How Microsoft uses Ansible?
Digital transformation is really changing the way that we think about how we solve problems. In the past, we had to manually do the same deployment again and again. With Ansible, we can create blueprints to deploy it multiple times. And every time we deploy, it’s exactly the same.
BART DWORAK, SOFTWARE ENGINEERING MANAGER, MICROSOFT
What is Ansible?
Ansible is an open-source automation tool used for configuration management. With the increase in complexity of IT environments automation has become a necessity as doing everything manually takes a lot of effort and time. Automation simplifies complex tasks, not just making developers’ jobs more manageable but allowing them to focus attention on other tasks that add value to an organization.
Benefits of Ansible:-
- Free: Ansible is free and an open-source tool.
- Simple: Very simple to set up and use, and uses clear syntax (YAML)
- Powerful: Ansible lets you model even highly complex IT workflows.
- Agentless: No need to install any other software or firewall ports on the client systems you want to automate. You also don’t have to set up a separate management structure. Everything needs to be done on one centralized system (Controller Node)
- Efficient: Because you don’t need to install any extra software, there’s more room for application resources on your server.
- Secure: Ansible uses SSH and requires no extra open ports or daemons
Microsoft’s Challenges-
Complexity across Microsoft’s corporate network infrastructure was increasing quickly — comprised of tens of thousands of endpoints connecting Microsoft locations worldwide with more than 400 engineers, and close to 150,000 total employees — that connects all of Microsoft’s offices, sites, and retail locations worldwide.

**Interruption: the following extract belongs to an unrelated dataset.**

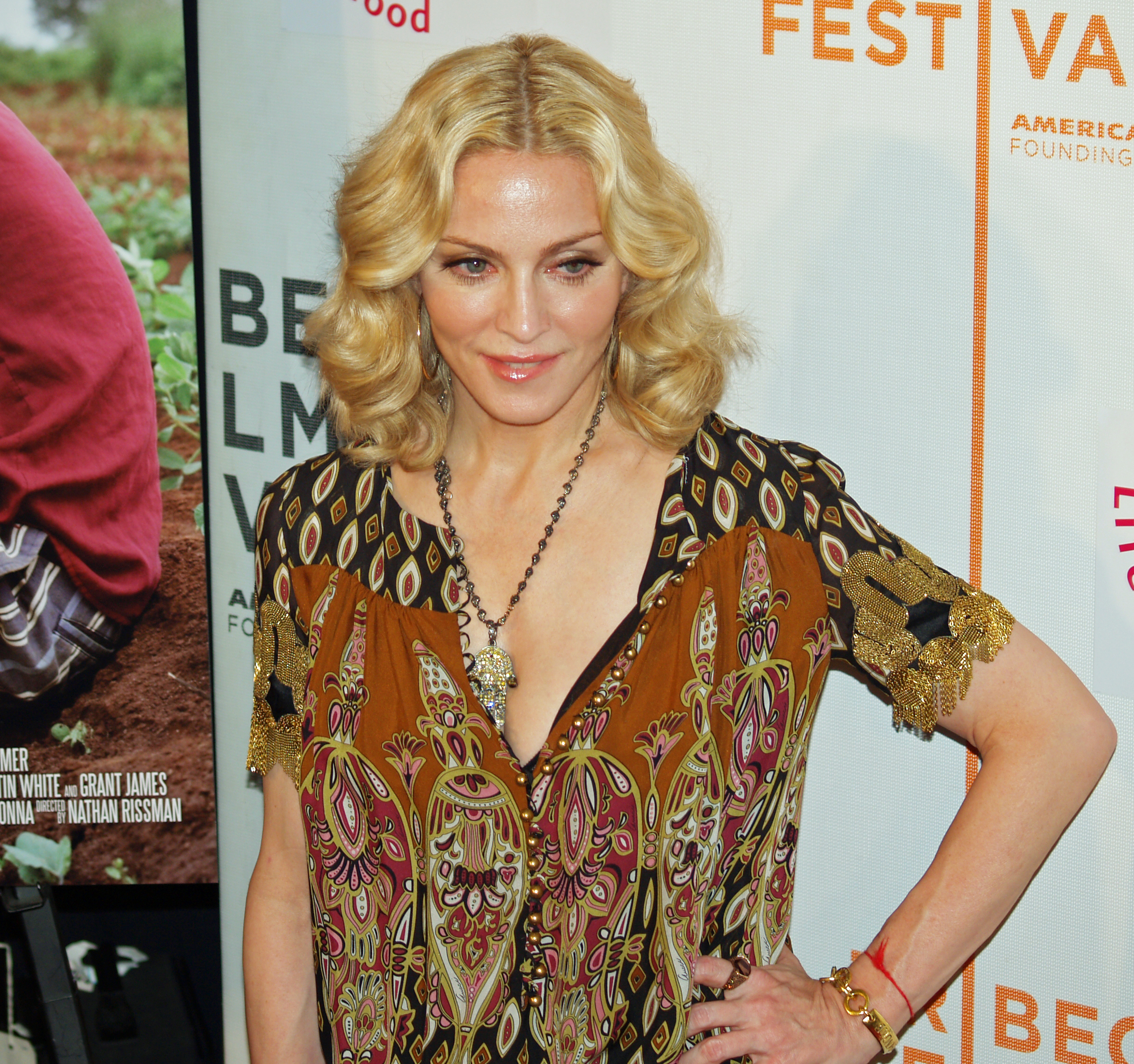 Madonna at the premiere of I Am Because We Are at the 2008 Tribeca Film Festival

To keep pace with customer and partner expectations it required effective automation across different network vendors and create opportunities for employee engagement and collaboration.
Solution-
The company chose to work with its strategic partner Red Hat to adopt Red Hat Ansible Automation Platform) running in Microsoft Azure.

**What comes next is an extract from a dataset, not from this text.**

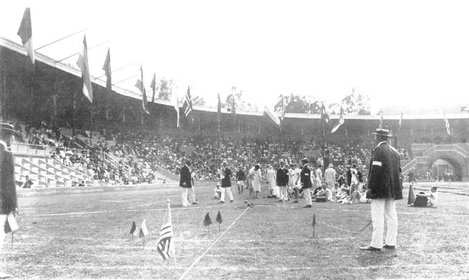 The shot put competition at the 1912 Summer Olympics

Microsoft’s teams established 3 automation environments:
- Development, where code is developed and tested on a small scale
- User acceptance testing (UAT), where code is peer-reviewed and tested at scale
- Production
Now Ansible is used to automate repeatable, day-to-day tasks by deploying Ansible Playbooks to the network through a centralized playbook version control system. Additionally, these 3 environments support a collaborative DevOps approach across the company’s network and engineering teams.
Every single process, service, and application at Microsoft is going through digitization and optimization. We are investing in automating all of our critical business processes. So technology is important. It’s critical. But culture comes first.
LUDOVIC HAUDUC, GENERAL MANAGER, CORE PLATFORM ENGINEERING, MICROSOFT
Standardizing on a user-friendly automation solution has not only helped Microsoft solve complexity by creating a single source of truth for services, dependencies, and integrations, but also made it easier for nonengineers to focus on service creation with peer-reviewed code. DevOps teams can now work more efficiently to create new, valuable features and services for end-users while maintaining product performance.